▸ EXTRACTED DATA:
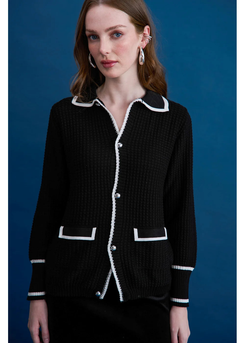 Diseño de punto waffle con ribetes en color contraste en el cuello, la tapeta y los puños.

...

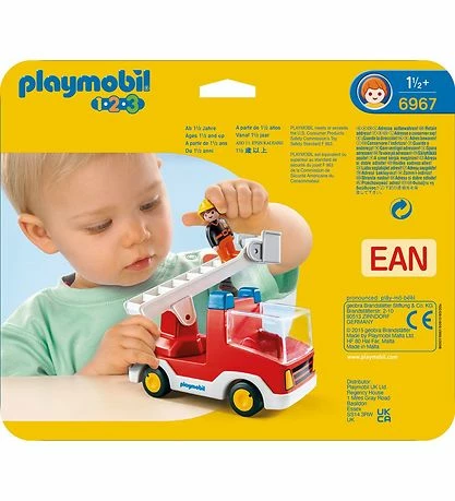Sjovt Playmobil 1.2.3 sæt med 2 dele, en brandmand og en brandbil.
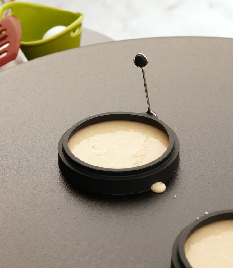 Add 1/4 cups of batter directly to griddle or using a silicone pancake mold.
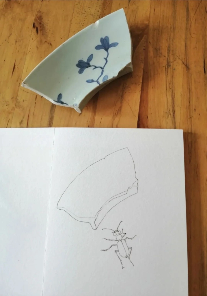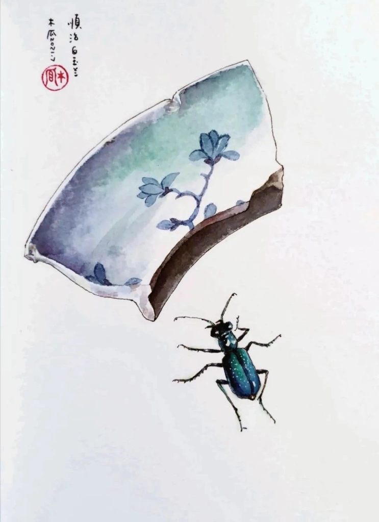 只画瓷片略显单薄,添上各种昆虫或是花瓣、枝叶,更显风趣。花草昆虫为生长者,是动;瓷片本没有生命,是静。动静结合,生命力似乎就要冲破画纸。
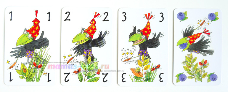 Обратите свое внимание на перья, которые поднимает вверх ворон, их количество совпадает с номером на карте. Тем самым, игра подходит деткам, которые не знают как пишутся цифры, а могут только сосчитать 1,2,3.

▸ YOUR GOAL: Go to the line above holding "Add 1/4 cups", then copy exactly each line down to and including the one holding "Обратите свое внимание", leaving pictures out.

▸ RESULT:
 Add 1/4 cups of batter directly to griddle or using a silicone pancake mold.
 只画瓷片略显单薄,添上各种昆虫或是花瓣、枝叶,更显风趣。花草昆虫为生长者,是动;瓷片本没有生命,是静。动静结合,生命力似乎就要冲破画纸。
 Обратите свое внимание на перья, которые поднимает вверх ворон, их количество совпадает с номером на карте. Тем самым, игра подходит деткам, которые не знают как пишутся цифры, а могут только сосчитать 1,2,3.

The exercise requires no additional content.